Earth’s New Epoch Started After World’s First Nuclear Test, Say Scientists

A group of international scientists have proposed marking July 16, 1945, the date of the world's first nuclear test, to be the official start date of Earth's new epoch.

Anthropocene has been the name of our planet's new epoch that began when human activities started affecting the ecosystems.

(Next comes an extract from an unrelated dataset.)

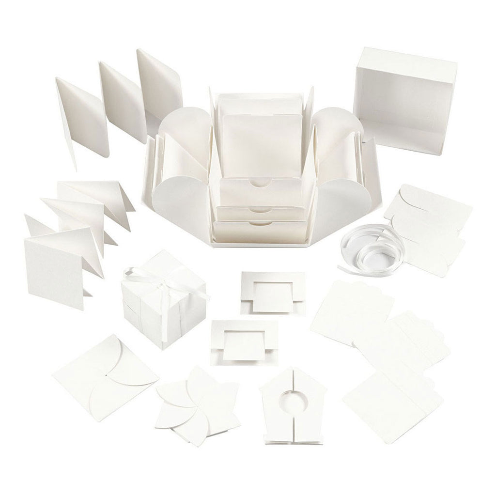 Geschenkdoos van stevig karton, dat bij opening 'explodeert' in verschillende lagen en compartimenten. De meegeleverde decoraties kun je decoreren met persoonlijke berichten, afbeeldingen, foto's enz. De box is een kaart en een cadeau in één!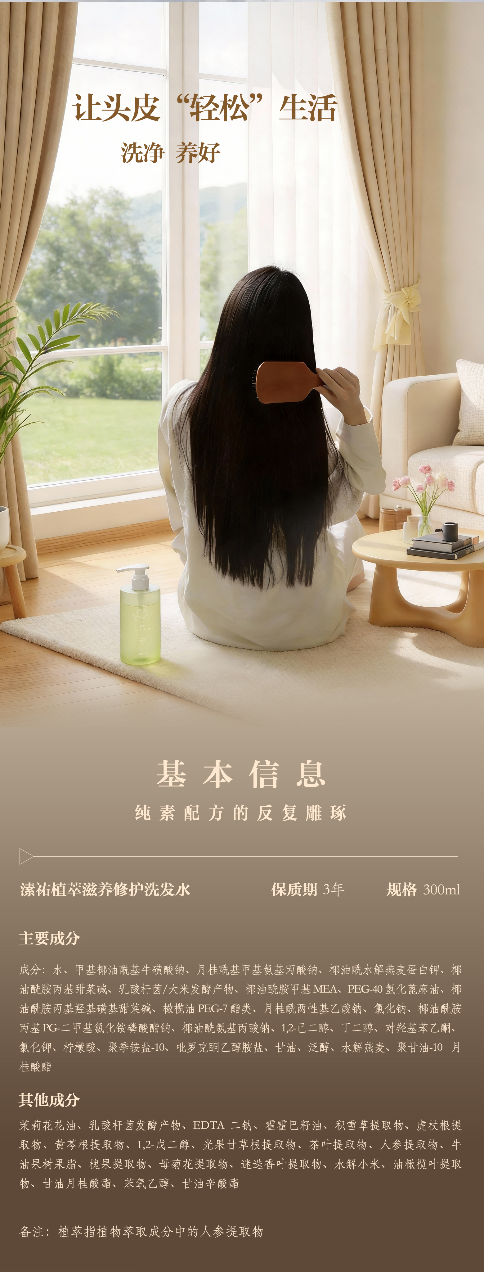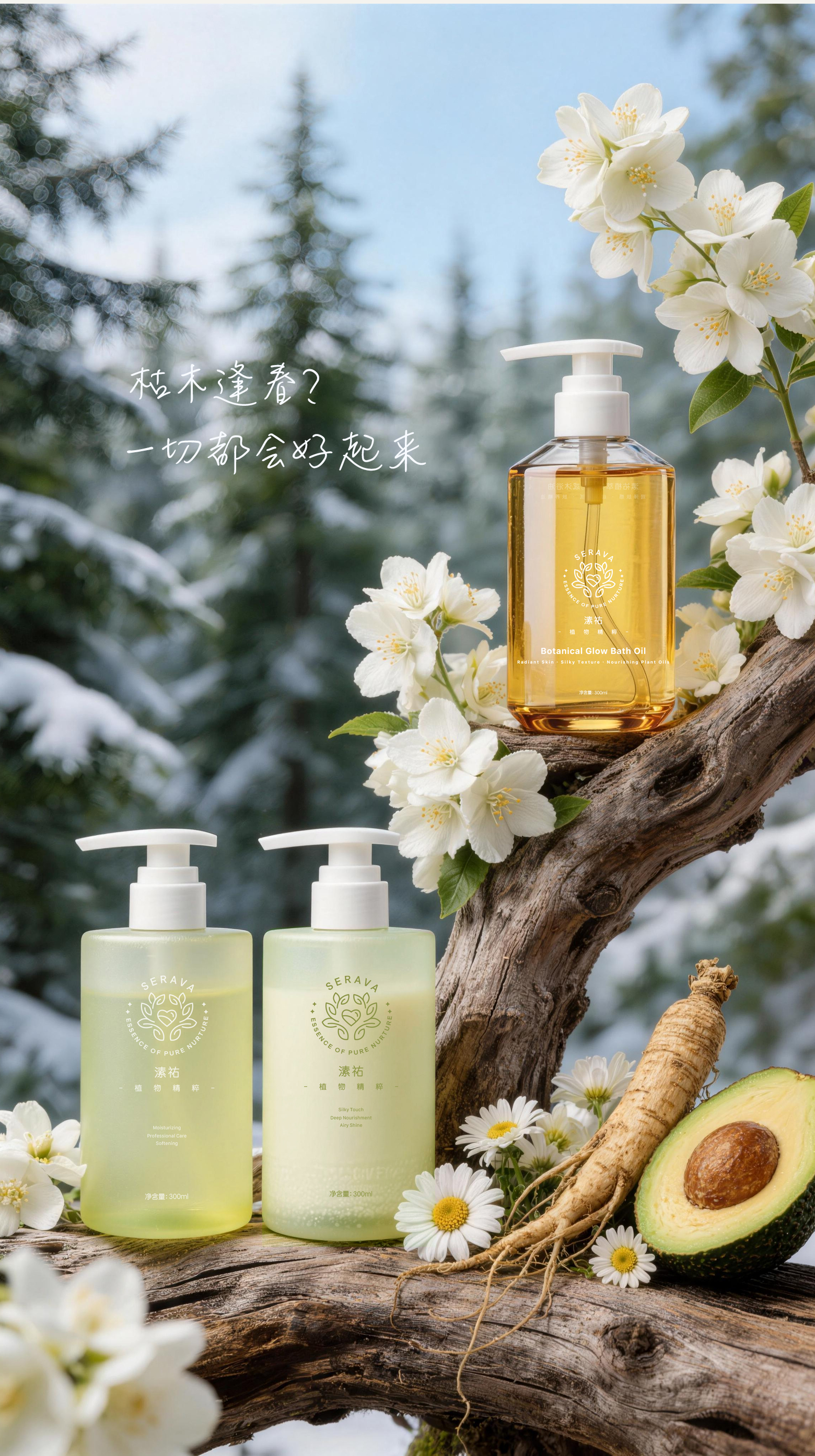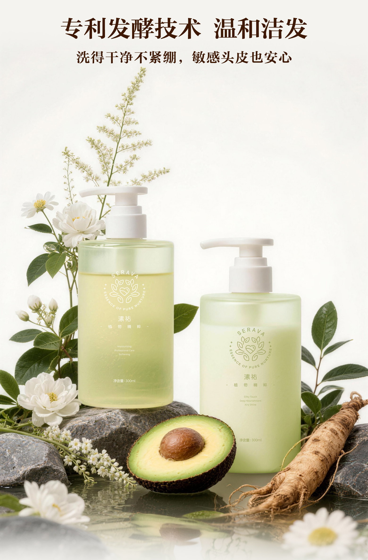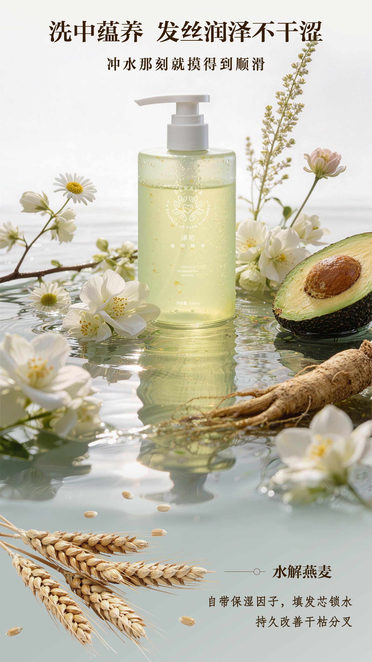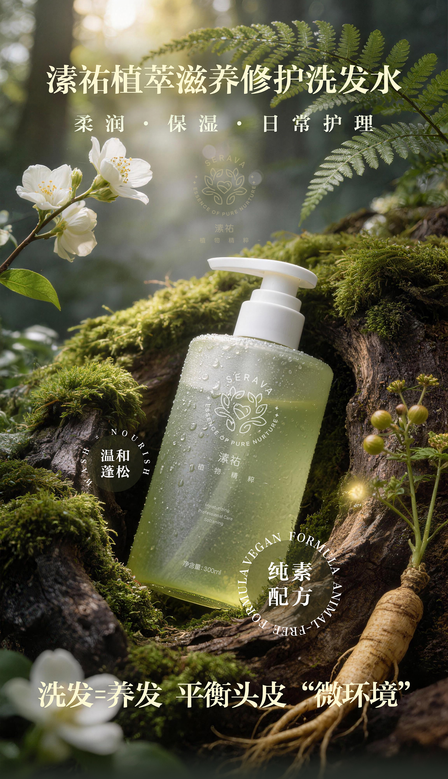 植萃滋养修护洗发水300ml 顺滑柔软有光泽 去屑蓬松缓解头发毛躁 纯素自研专利配方 天然植物矿物来源 Serava溸祐纯素洗护

But scientists have long debated its official start date until 15 years later, they proposed that it should be July 16, 1945. The proposed date was signed by 26 members of the Anthropocene Working Group.

Originally, scientists believed that Anthropocene have started thousands of years ago when humans learned to cultivate lands, or during the Industrial Revolution when major changes in agriculture, manufacturing, mining, transport, and technology tremendously affected human lives.

But now scientists believe that the nuclear test the United States conducted on July 16, 1945 at Trinity, Los Alamos initiated changes in Earth's entire system that has led to population growth, increased carbon emissions, species extinction, changes in Earth's movement, and production of novel materials such as concrete, plastics, and metals. To date, traces of the radiation emitted by the first atomic bomb are still detected in some places on the planet.

"Like any geological boundary, it is not a perfect marker – levels of global radiation really rose in the early 1950s, as salvoes of bomb tests took place. But it may be the optimal way to resolve the multiple lines of evidence on human-driven planetary change. Time - and much more discussion - will tell," said Dr Jan Zalasiewicz, of the University of Leicester's Department of Geology and Chair of the Anthropocene Working Group, in a press release.

The international team will gather more evidence to support the date proposal declaring July 16, 1945 the official start date of Anthropocene. A decision should be made by 2016.

Details of the proposal were published in the Jan. 12 issue of Quaternary International.